Problem to work on: After dropping the pictures, give again exactly the lines of the data from its first line through the line with "南京师范大学附属小学2026年物业服务框架协议二次比选结果公告", which is included as well.

· · ·

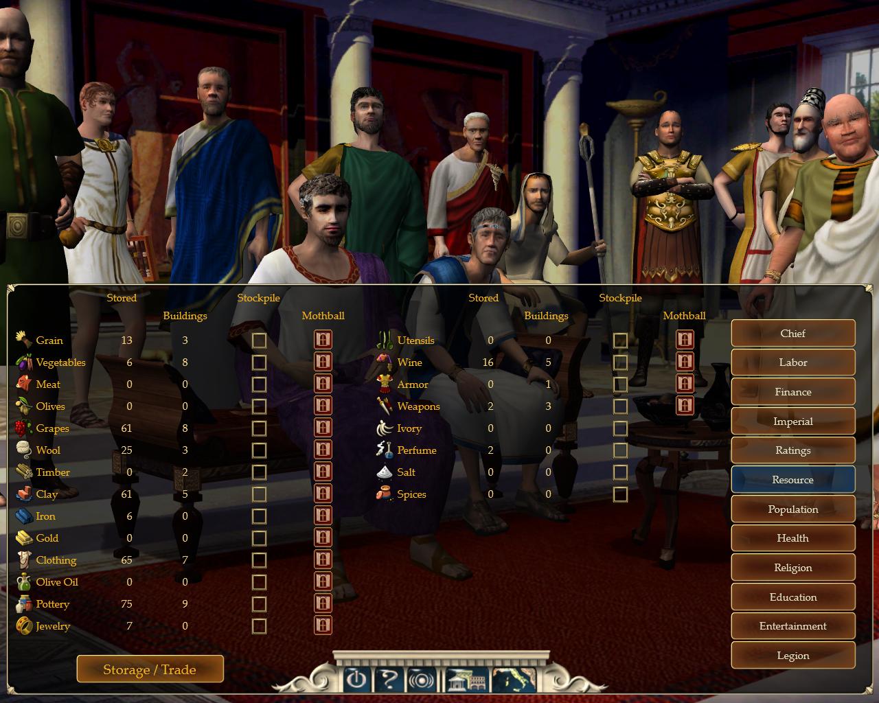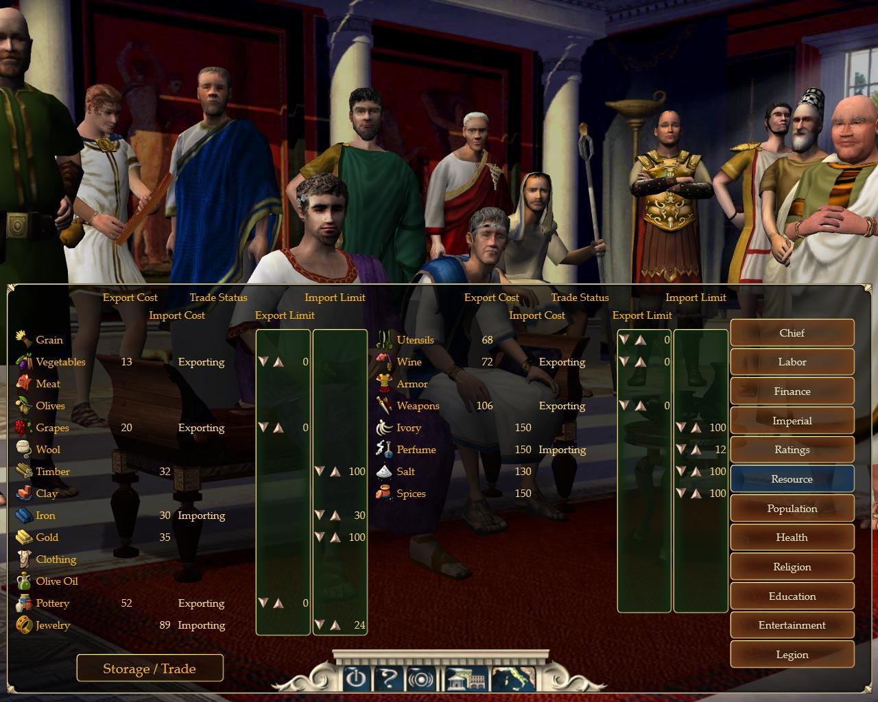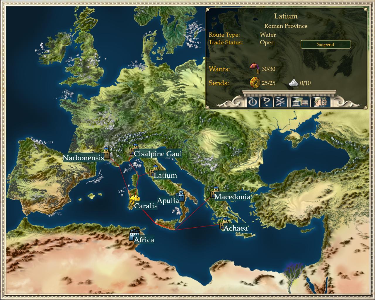 A harmadik és legjövedelmezőbb persze a kereskedelem. A birodalom egyéb városaival kialakíthatunk kereskedelmi útvonalakat, s minden városnak szüksége van valamilyen termékre vagy el tud adni belőle. Érdemes a legelején megnézni, hogy mi az a termék, amit könnyen elő tudunk állítani és lehetőség szerint nagyon sok kell belőle valamelyik városnak, mert ha már az első év végén tudjuk teljesíteni a kvótákat, akkor nem nagyon lesz később anyagi gondunk.
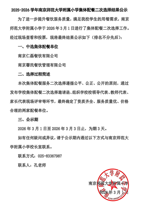 南京师范大学附属小学2026年物业服务框架协议二次比选结果公告
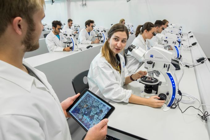 Gemeinwohl bedeutet für den Konzern in Oberkochen, mit modernster Technologie auch Wegbereiter für junge Forschungstalente zu sein: Am College of Engineering der Swansea University, Wales, UK lernen Studierende, mit voll vernetzten Mikroskopen von Zeiss Materialproben zu analysieren (Bild: Carl Zeiss AG)
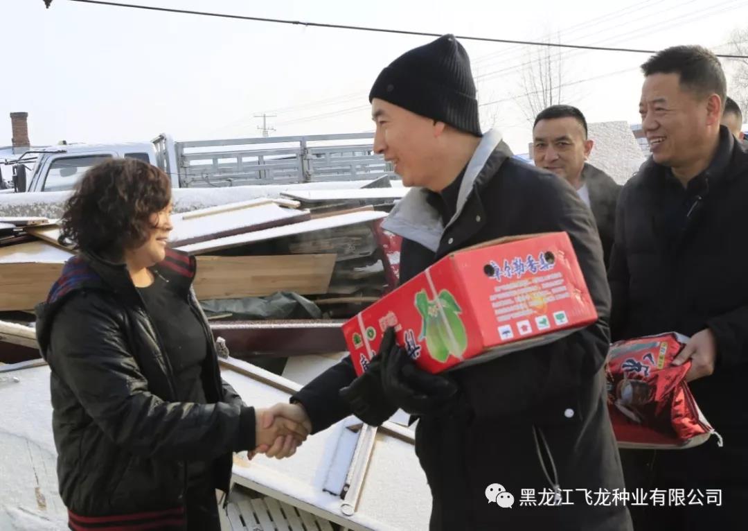 1月20日,工商聯(lián)齊海波書(shū)記、各村屯領(lǐng)導(dǎo)、飛龍種業(yè)林志達(dá)總經(jīng)理以及員工們逐一深入到福利鎮(zhèn)、集賢鎮(zhèn)、永安鄉(xiāng)、腰屯鄉(xiāng)李福臣、王喜軍、呂海濱等11戶(hù)群眾家中,把春節(jié)的禮物送給他們,讓他們從心里受到全社會(huì)對(duì)困難群眾的關(guān)愛(ài)之情。除了米面油、水果、醬油醋、深海刀魚(yú)和瓜子花生糖果等生活必需品以外,還根據(jù)不同需求送去了炕席、刮胡刀、藥品、衣物等。
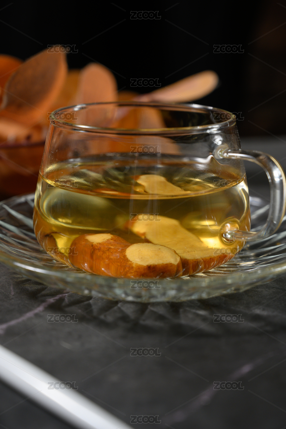 桌面上的盘子里的甘甜可口的银杏叶泡水
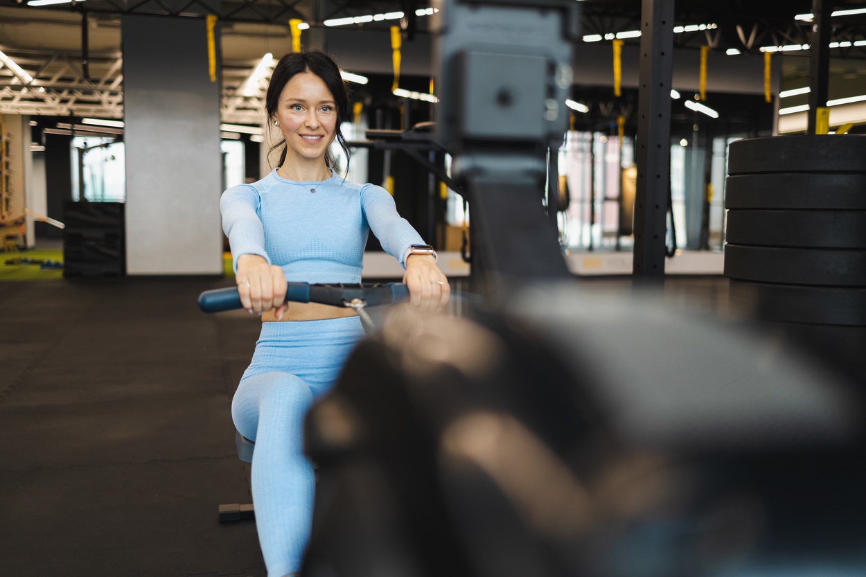 Cheerful woman in blue sportswear on rowing machine. Rowing exercise in the gym

· · ·

Finished task:
 A harmadik és legjövedelmezőbb persze a kereskedelem. A birodalom egyéb városaival kialakíthatunk kereskedelmi útvonalakat, s minden városnak szüksége van valamilyen termékre vagy el tud adni belőle. Érdemes a legelején megnézni, hogy mi az a termék, amit könnyen elő tudunk állítani és lehetőség szerint nagyon sok kell belőle valamelyik városnak, mert ha már az első év végén tudjuk teljesíteni a kvótákat, akkor nem nagyon lesz később anyagi gondunk.
 南京师范大学附属小学2026年物业服务框架协议二次比选结果公告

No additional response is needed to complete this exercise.